Fernando Santos’ side now face a must-win game against current Group F leaders Hungary in their next outing, with Fonte expecting Ronaldo to be ready to lead the Portugal line again.
“He is mentally the strongest person in the world,” Fonte told Sport360. “This is not the first time that this has happened to him.
“Nobody can imagine the pressure he has on his shoulders. He deals with it every day, I wouldn’t worry about him.”
Despite Portugal’s struggles in front of goal in their opening two games, Fonte – an unused substitute in both games so far in France – believes his side have performed well and have what it takes to progress.
“We are obviously disappointed not to get the three points but you can’t fault our hard work and the way we tried to score,” the Southampton centre-back said.

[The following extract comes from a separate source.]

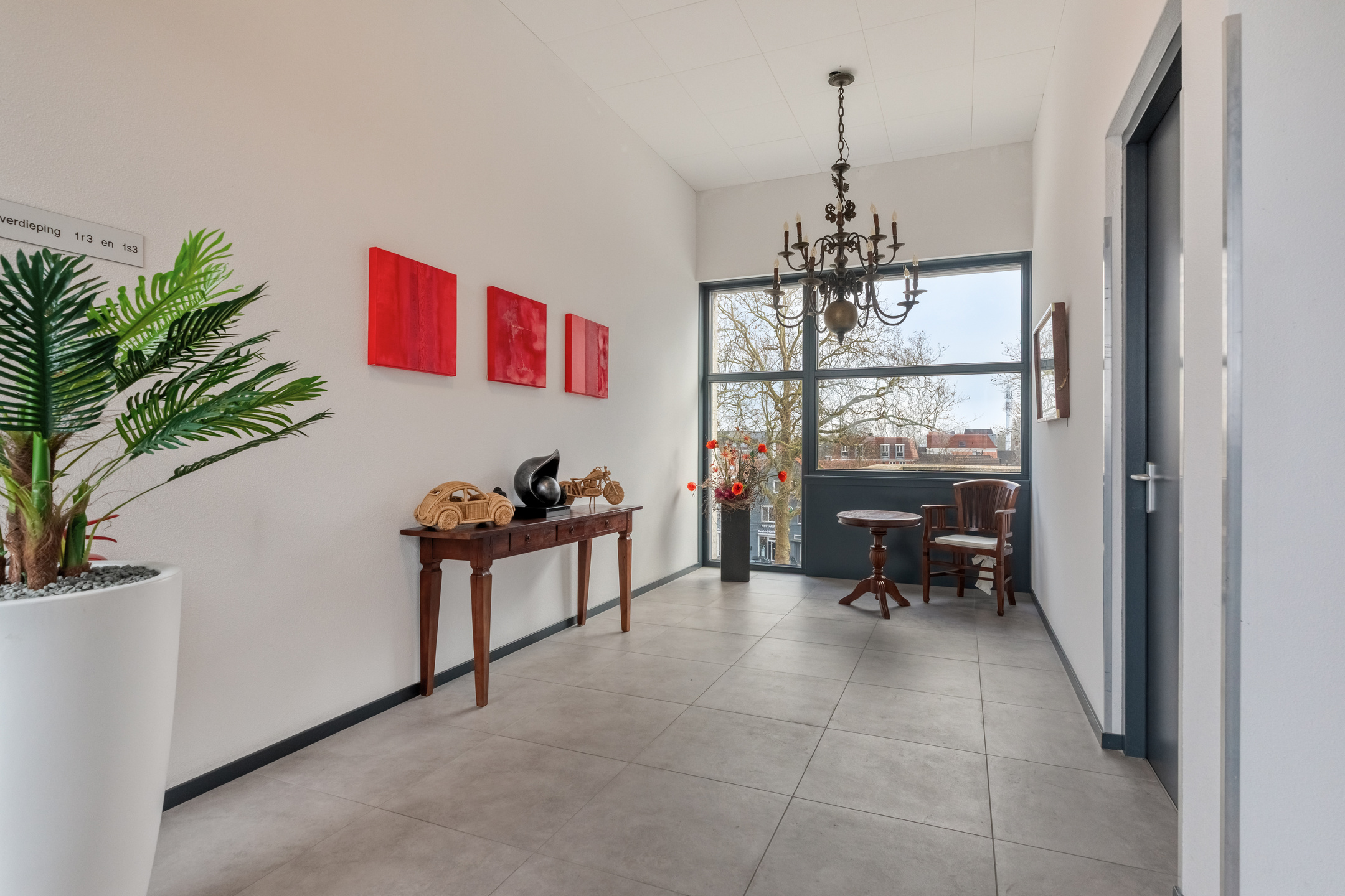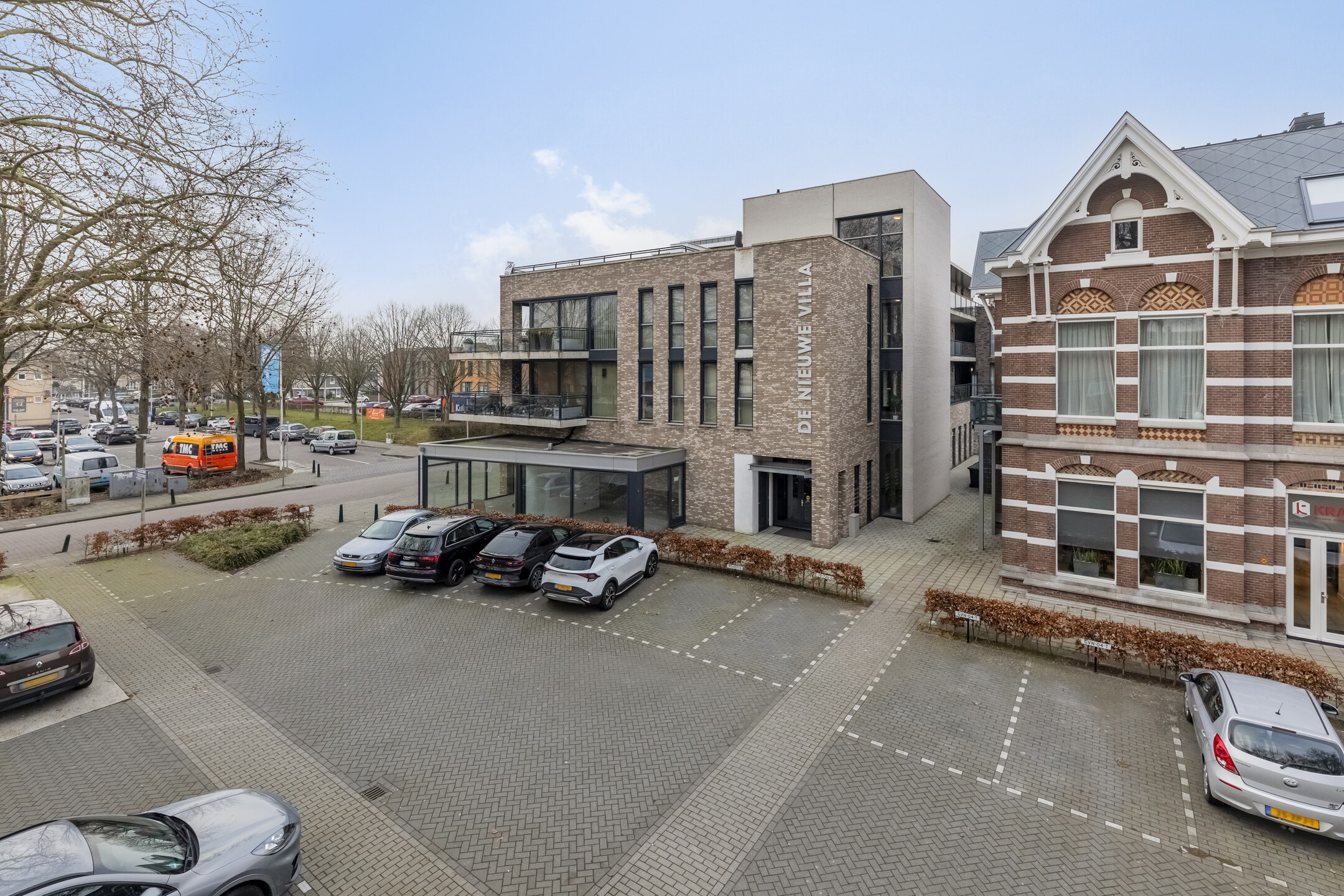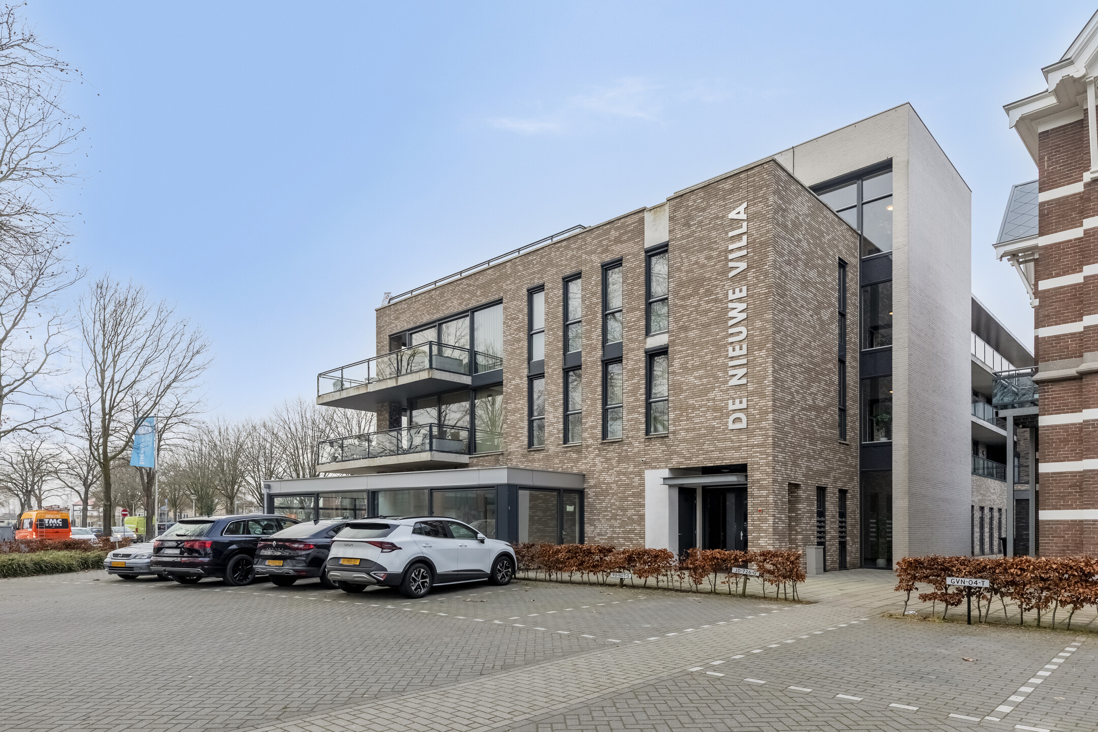 You arrive at the apartment complex ‘De Nieuwe Villa’ (2018), park your car in one of the two private parking spaces, and walk towards the central hall.

“Sometimes the ball doesn’t go in the net, and today was one of those days. There are no easy games in the Euros. It is just a shame that the goalkeeper has made some incredible saves.
“We just need to take the positives. We are creating chances and dominating games.
“We just have to win the last game. We are disappointed now, but tomorrow our heads will be clear.”
Fonte admitted that it’s been difficult to watch from the sidelines so far, but hailed the influence of Portugal’s supporters at Euro 2016.
He said: “It is hard to be on the bench, you feel the energy from the fans and you want to be a part of it. The stadiums generate an amazing atmosphere, and you just want to be part of it with your team-mates.”
Hinteregger, 23, hauled Ronaldo down in the 78th minute of the Group F clash at the Parc des Princes but the Real Madrid star misfired from the spot, hitting the post.
Austria held on to secure their first point of the European Championship and Hinteregger was delighted to be given a reprieve.
“It was a feeling of relief,” the Borussia Monchengladbach defender told Sport360 after the game. “Before he took it I was so angry with myself because I knew it was a foul and a mistake by me.
“So when he missed his penalty, I was so happy – I was the happiest man in France. It was so great that we got one point.
Hinteregger admitted that the foul was down to Ronaldo’s physicality, saying: “The left-winger crossed the ball and Cristiano came sprinting to me. No-one can defend against him when he sprints like that.
“I went to block him but he is so strong, he is like a machine. We fought to be first for the ball but he won this fight.”
Austria became the first team since Spain at Euro 2012 to stop Portugal from scoring in a European Championship and Hinteregger said he relished the opportunity to come up against Ronaldo.
“He was unbelievable,” Hinteregger said. “Now I know that he is the best player in the world. He really is the best player – I’m so happy that he didn’t score against us. “
Austria take on Iceland in their final group game knowing a win should be enough to take them through to the last-16 and Hinteregger is optimistic of securing a knockout berth.
“We are confident now,” he said. “We wanted to get one point in this game to prepare us for the final game. Now we can get a win to go through to the next round.”